Issue No. 31 - October 27, 2002
by Sue Sweeney

Porcelainberry, in this picture growing along Stamford’s Mill River, is so lovely in Autumn with its multicolor fruit. Unfortunately, it’s also a truly scary alien monster that won’t go away after Halloween. Porcelainberry, Ampelopsis brevipedunculata, is higher on the naturalist’s “BOLA” list than the title star of that great 1950’s movie “The Eggplant That Ate Chicago”.
 

 
“BOLA” means “be on the look out”. And in this case, it’s serious. Porcelainberry entered the USA from Asia disguised as a desirable garden plant -- soooo pretty, yet easy to grow. However, like our native Poison Ivy, Porcelainberry turned out to be a public menace. It’s too easy to grow and the birds spread its seeds too rapidly. Like Kudzu in the South, Porcelainberry smothers its unfortunate neighbors with a thick shroud of light-blocking vines.

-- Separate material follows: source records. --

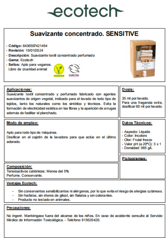 Suavizante concentrado con ingredientes de origen vegetal que deja tu ropa con un agradable perfume. Evita la electricidad estática en las fibras y facilita el planchado. Producto hipoalergénico.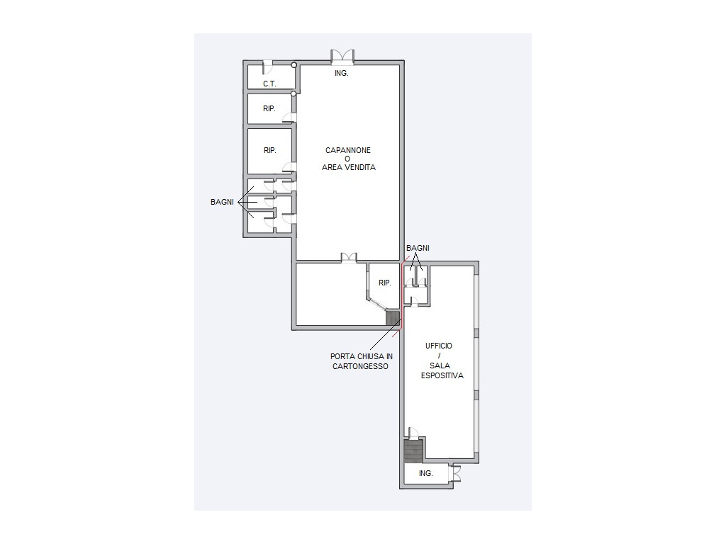 - Possibilità di locare in aggiunta altri 120 mq già comunicanti tramite una porta interna al momento chiusa con una parete in cartongesso, al prezzo aggiuntivo di 900€ + IVA al mese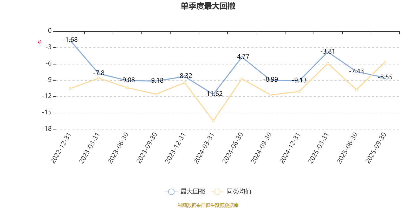 截至10月29日,基金近三年最大回撤为31.13%,同类可比基金排名153/513。单季度最大回撤出现在2024年一季度,为11.62%。
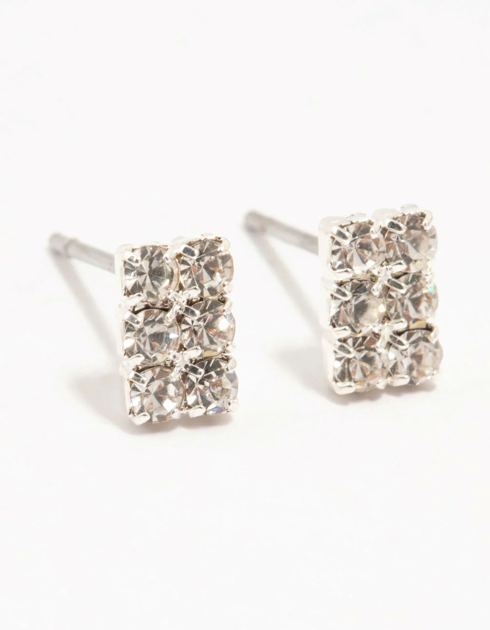 Dazzle with double the drama in these Diamante Cup Chain Multiple Stud Silver Earrings Set. With their diamante-studded sparkle and modern design, they'll elevate any look from basic to bejeweled.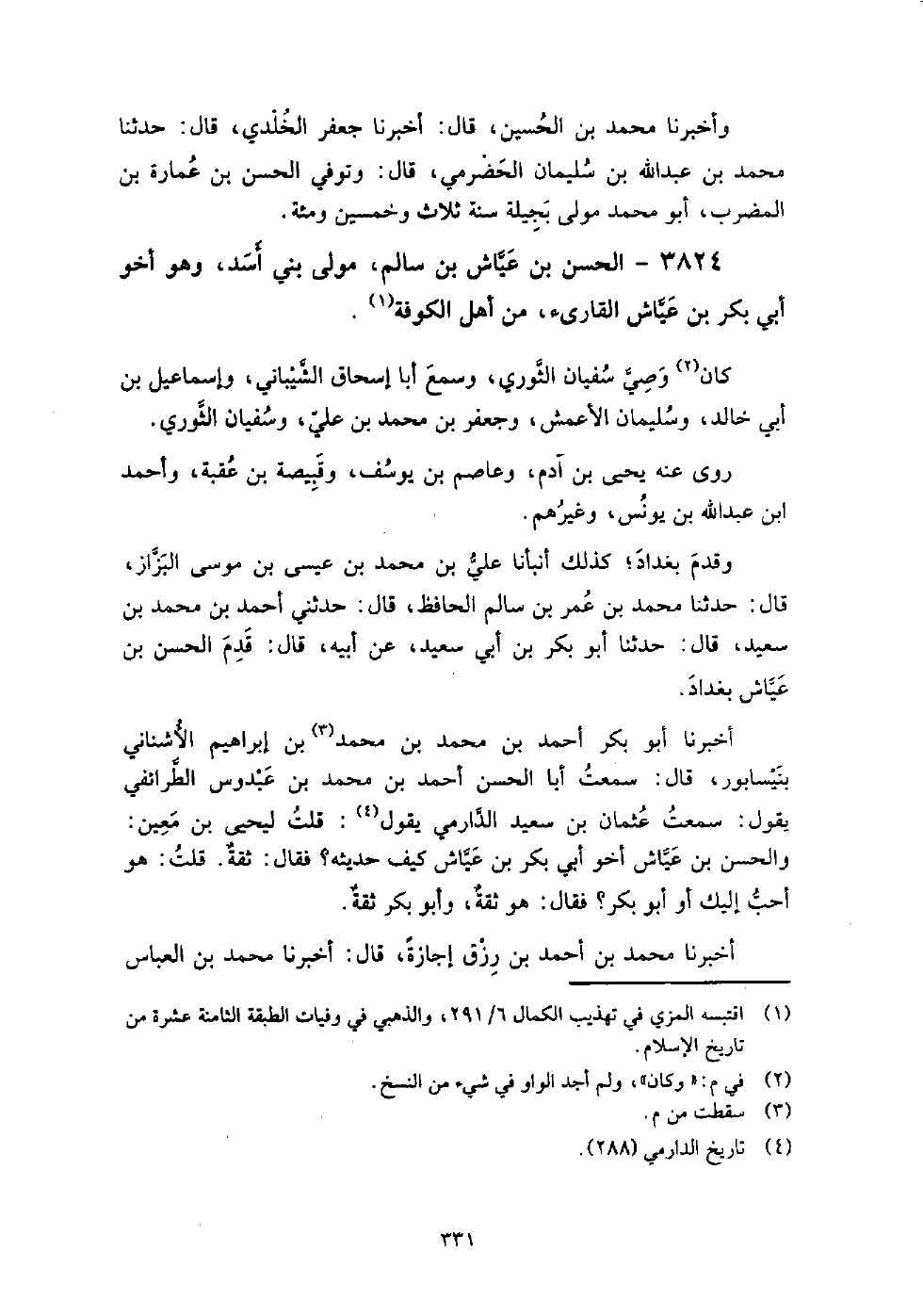 3824 - الْحَسَن بن عياش بن سالم مولى بني أسد وهو أخو أَبِي بكر بن عياش القارئ من أهل الكوفة كَانَ وصي سُفْيَان الثوري، وسمع أبا إِسْحَاق الشيباني، وإسماعيل بن أَبِي خالد، وسليمان الأَعْمَش، وجعفر بن مُحَمَّدِ بْنِ عَلِيّ، وسفيان الثوري.

You might first see a Porcelainberry seedling in your garden and think “How nice, a wild grape”. Don’t be fooled. While the foliage looks a bit like its grape relatives, Porcelainberry leaves are smaller, with rounder and more deeply cut sinuses (the concave indentations in the leaf’s border). If you don’t pull Porcelainberry up immediately, it develops long, thick, drought-proof taproots that are hard to dig out.

Since it spreads only by seed, if you keep it cut down so that it can’t flower, you can at least contain it.